# Chubby frog



## TIMOTHY AND MATILDA (Oct 31, 2008)

What size of enclosure is needed for a chubby frog/asian painted frog?
What sort of noise do they make?
Can they be kept in pairs?
By the way I am not allowed any more frogs,just so you know :lol2::lol2::lol2:


----------



## Ron Magpie (Oct 11, 2009)

TIMOTHY AND MATILDA said:


> What size of enclosure is needed for a chubby frog/asian painted frog?
> What sort of noise do they make?
> Can they be kept in pairs?
> *By the way I am not allowed any more frogs,just so you know *:lol2::lol2::lol2:


HAHAHAHAHAHAHAHAHAHAHAHAHAHA!!!!!

.............


Sorry, had to catch me breath, just then...

Call 'em 'painted frogs' it's a much nicer name, I reckon. I kept one years ago, basic care was much like most tropical/semi-tropical toads, as I recall, with maybe a slightly damper/more humid environment. They aren't hugely active; a 24" tank with a largish waterbowl should be fine for a pair. Even though they are part of the 'narrow-mouthed toad' group, their mouths aren't especially small and they will accept most medium-sized insects.


----------



## Janos (Oct 26, 2009)

They can be kept in pairs or groups fine. As for enclosure size, they're generally really small and can be a bit inactive, so for a single one, even a 30cm cube is fine, but for a pair I'd think a 45cm cube would be idea. Give them nice and deep substrate, at least 3-3.5 inches. Feed them the usual, instar 4 crickets or stuff around about that size. 
They like it quite humid too, as the above poster said, semi-tropical/tropical.

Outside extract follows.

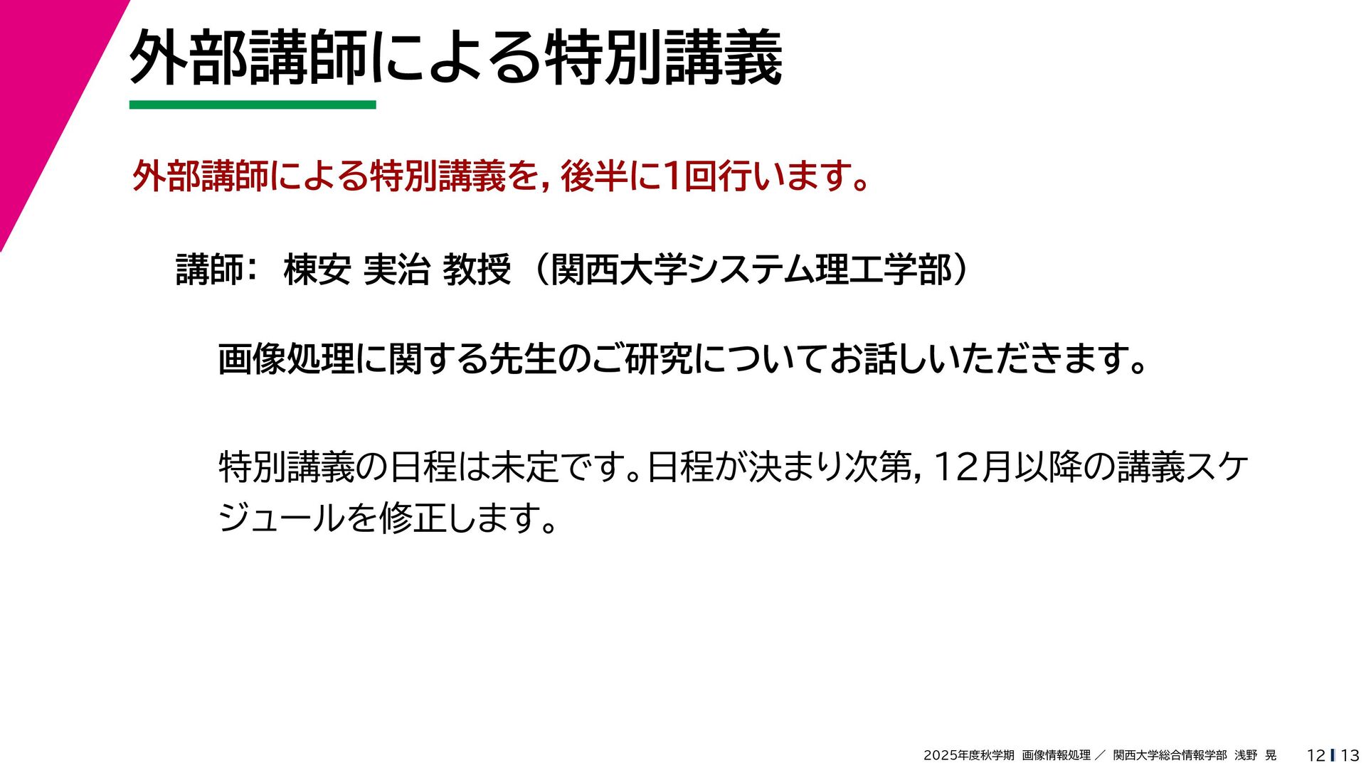 13 2025年度秋学期 画像情報処理 / 関西大学総合情報学部 浅野 晃 外部講師による特別講義 12 外部講師による特別講義を,後半に1回行います。 講師: 棟安 実治 教授 (関西大学システム理工学部) 画像処理に関する先生のご研究についてお話しいただきます。

As for the noise they make, 
YouTube - Kaloula pulchra

It's a low, trumpeting kind of horn sound, almost a moo.


----------



## RAIN MAN (Dec 2, 2010)

Do not tell me your on the look out for more frogs women :gasp:...:lol2:.


----------



## TIMOTHY AND MATILDA (Oct 31, 2008)

RAIN MAN said:


> Do not tell me your on the look out for more frogs women :gasp:...:lol2:.


I am looking,but not allowed any more :flrt::flrt: just researching: victory:
What size tank is best? :lol2:


----------



## SilverSky (Oct 2, 2010)

get them!!!!

i have 2 and they're gorgeous little things. such grumpy faces!

so long as they have plenty of substrate to dig in they'll be happy.


----------



## TIMOTHY AND MATILDA (Oct 31, 2008)

I promised last Friday when I got my 4th cane toad and 3 fire bellied toads that I wouldnt have any more pets:lol2::lol2::lol2: My Birthday is in May though :lol2::lol2:What size enclosure is needed? Thanks Jackie Frog :2thumb:


----------



## SilverSky (Oct 2, 2010)

mine are in a glass fish tank thats 1ft by 2ft, but they arent very active, so could go smaller. they have their favourite spots to sit in and tend to stay there.


----------



## RAIN MAN (Dec 2, 2010)

:lol2:.....10 gallon is fine for a pair.....:2thumb:


----------



## kellogg (Aug 15, 2010)

i have 2 and they have always been kept together, they arent very active, but as long as they have a big water bowl and some plants to hide in then they are happy!


----------



## jme2049 (Jan 11, 2008)

In the style of a clichéd barman " I think you've had enough" :lol2: 


But Chubby frogs are so cute GET THEM!


----------



## TIMOTHY AND MATILDA (Oct 31, 2008)

SilverSky said:


> get them!!!!
> 
> i have 2 and they're gorgeous little things. such grumpy faces!
> 
> so long as they have plenty of substrate to dig in they'll be happy.


How big do they grow to?


----------



## Ron Magpie (Oct 11, 2009)

TIMOTHY AND MATILDA said:


> How big do they grow to?


Males 2- 2 1/2 inches or so, females 3- 3 1/2, if I remember rightly.


----------